De la iclonocastia
Por: José Antonio Gómez
En el comentario del pasado viernes 18 de septiembre, llamé la atención sobre el elegido que ha querido tomar la intolerancia política e histórica y aún religiosa a la que nos pretende llevar algunos agitadores oportunistas que, aprovechándose indebidamente en la problemática indígena de algunas zonas del país, como el hermano departamento del Cauca, quieren establecer la iclonocastia como política a seguir.
Algunos magistrados de la Corte Constitucional recién aprobada del 1991, quisieron hacer obligatoria el retiro de las oficinas públicas y las imágenes del Cristo Crucificado que como en las cortes, presidía en la Sala de discusión y adopción de decisiones judiciales. Igual, en la mayoría de los despachos públicos en el país.
Eso pasó casi desapercibido y hoy a raíz del derribo de la estatua del fundador de Popayán y de Cali, Sebastián de Belalcázar, se quiere seguir la misma ola, a fin de recuperar para las comunidades indígenas “los territorios nacionales”.
Para no referirme nuevamente, a la absurda tutela del Tribunal de Cali que emitió contra la fe religiosa del presidente Iván Duque, igualmente tumbada por la propia Corte Constitucional.
La audaz periodista, María Isabel Rueda, nos entrega una interesante entrevista con el filósofo, escritor e historiador y comunicador Enrique Serrano, quien analiza con amplitud dichos procedimientos violentos, con los cuales nada distinto aún negacionismo histórico politizado centrado, como lo sucedido en Popayán.

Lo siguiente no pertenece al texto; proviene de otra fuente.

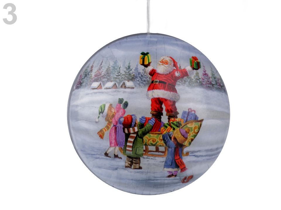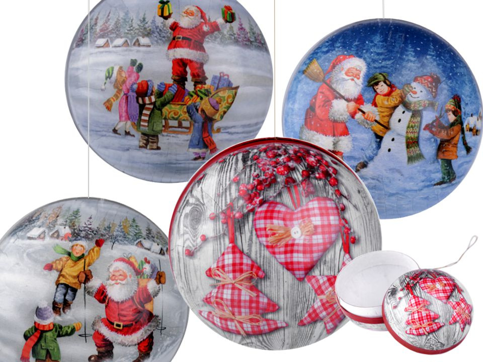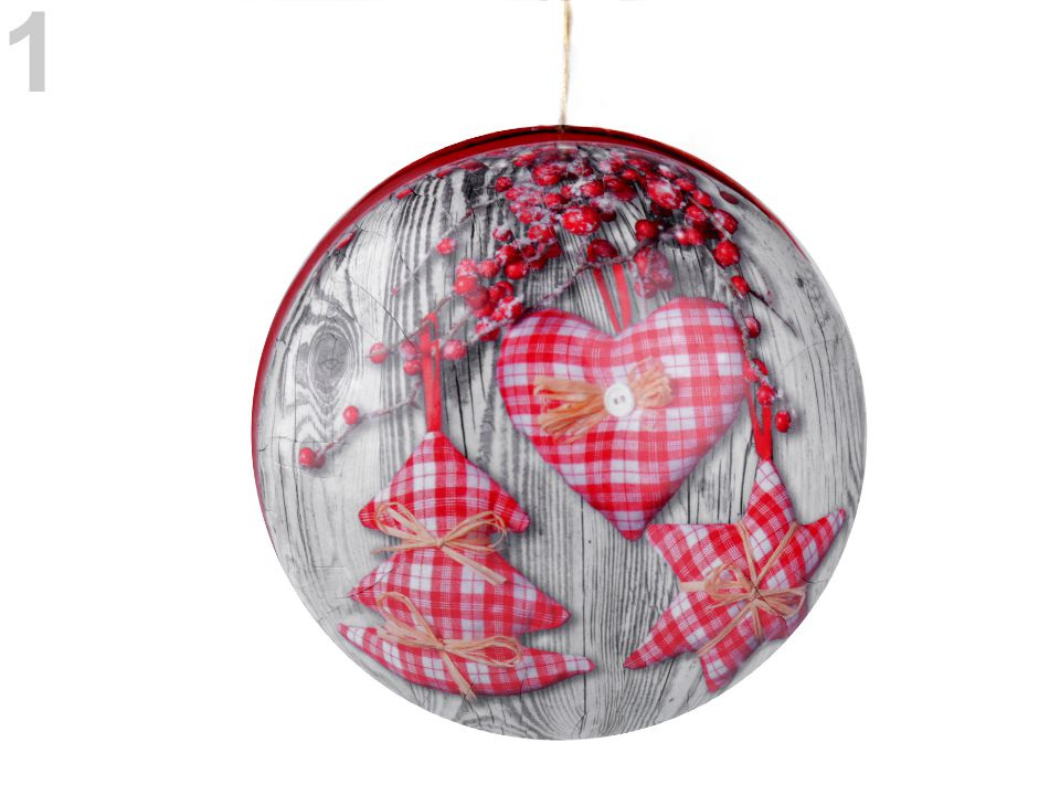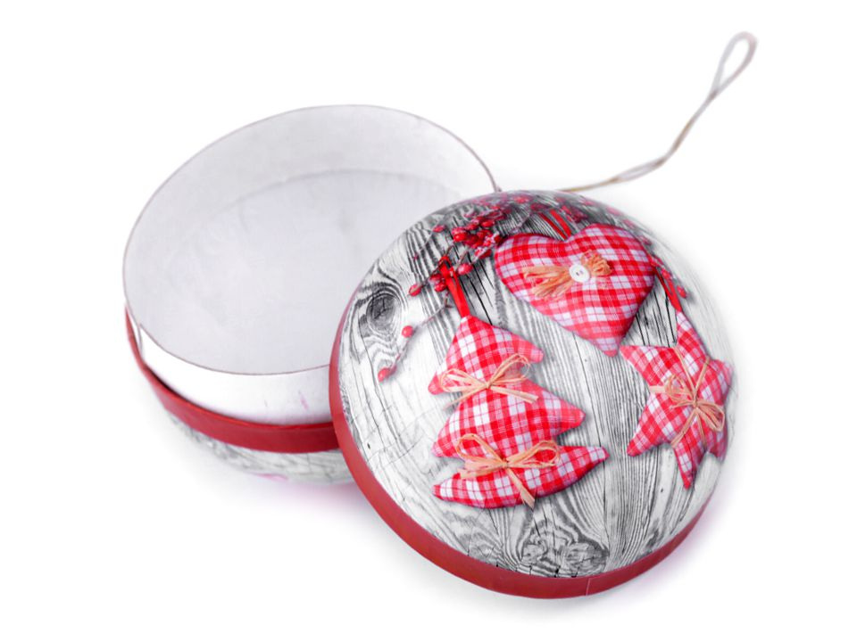 Originální dárková krabička s vánočním potiskem ve tvaru baňky je složená ze dvou rozevíracích půlek. Potisk má tradiční malované obrázky. Nahoře má baňka poutko na zavěšení. Díky ní vtipně a pohodlně zabalíte dárek, který můžete ukrýt na stromečku, takže hledání dárku bude zábavnější.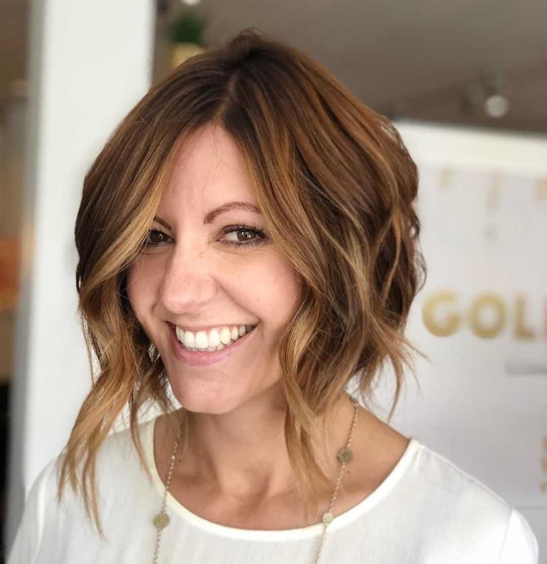 Если вам нужна изысканная прическа, которую легко поддерживать, попробуйте вырез А-силуэта. Каскадные прически боб хорошо подходят женщинам с округлыми лицами, потому что длинные слои до подбородка создают эффект стройности. Нам также нравится цвет этого конкретного боба: коричневые тона при каждом повороте головы придают неожиданный блеск блонда.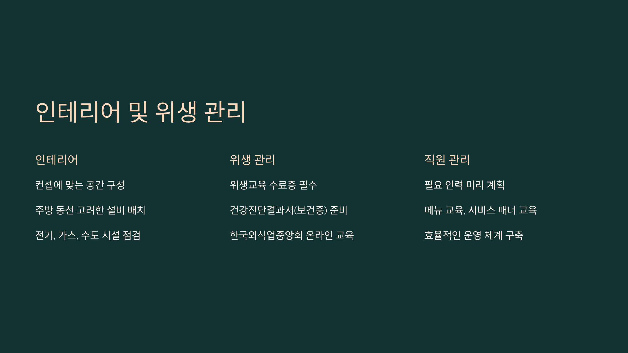 아이템 선정부터 법적 절차, 인테리어, 직원 교육, 마케팅까지 모든 과정을 체계적으로 준비하세요.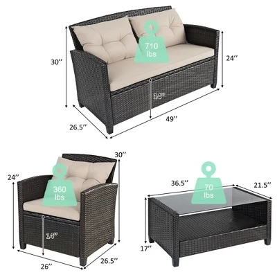- Dimension of the set: package include:2 single sofa,1 loveseat, 1 coffee table, 3 seat cushions and 4 back cushion. Single Sofa: 26” (L) x 24” (W) x 28.5” (H),Loveseat: 49” (L) x 24” (W) x 28.5” (H),Coffee Table: 36” (L) x 21.5” (W) x 17” (H),Cushion: 2.5” (T),Tempered Glass: 0.2” (T),Load-bearing Capacity: Single Sofa: 350LBS,Loveseat: 700LBS,Coffee Table: 110 LBS.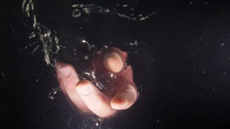With the palm of your hand, check or mix the water. Bottom view from under the water. Divine god hand. A finger is wearing a ring. Black background. Around the air bubbles and flows.

Afirma Serrano, que nada justifica ni la decapitación ni la humillación pública de una figura histórica a la cual es completamente indiferente de lo que entendamos hoy de ella. Sostiene Serrano, como una especie de explicación compensatoria que se podría saltar otros personajes como los principales caciques indígenas que defendieron sus territorios, ya que el 98% de la población colombiana es criolla.
Somos agrega, “más parecidos a los que vinieron, que a los que estaban aquí, nos identificamos más con el caballo, el perro, con los porcinos, con la espada, que con que las plumas y el bastón”.
Recuerdo ahora como en el Huila, un gesto de reconocimiento histórico de generosidad cultural al concluir el mandato el presidente, Misael Pastrana Borrero, entregó entre otras muchas obras a Neiva, la Avenida Circunvalar y la engalanó con el ya famoso monumento a La Gaitana, obra extraordinaria, el escultor Rodrigo Arenas Betancourt, varias veces premio nacional de escultura.
Igualmente, nuestra amiga siempre bien recordada Olga de Ospina llevó a Timaná en 1985, con motivo a los 450 años de su fundación, otra hermosa escultura de La Gaitana. Y con el heroico gesto guerrero entregaba la cabeza de Pedro Dañasco como presea de su dominio y venganza por el asesinato de su hijo Timanco. Obra del escultor, el maestro Valencia, victoria igualmente, muy cercano al Huila y particularmente a la ciudad de Pitalito, donde pasó largas temporadas acompañando al exgobernador Héctor Polania. Que hermosos y bellos referentes que contrastan con lo que hoy sucede en algunos sitios del país.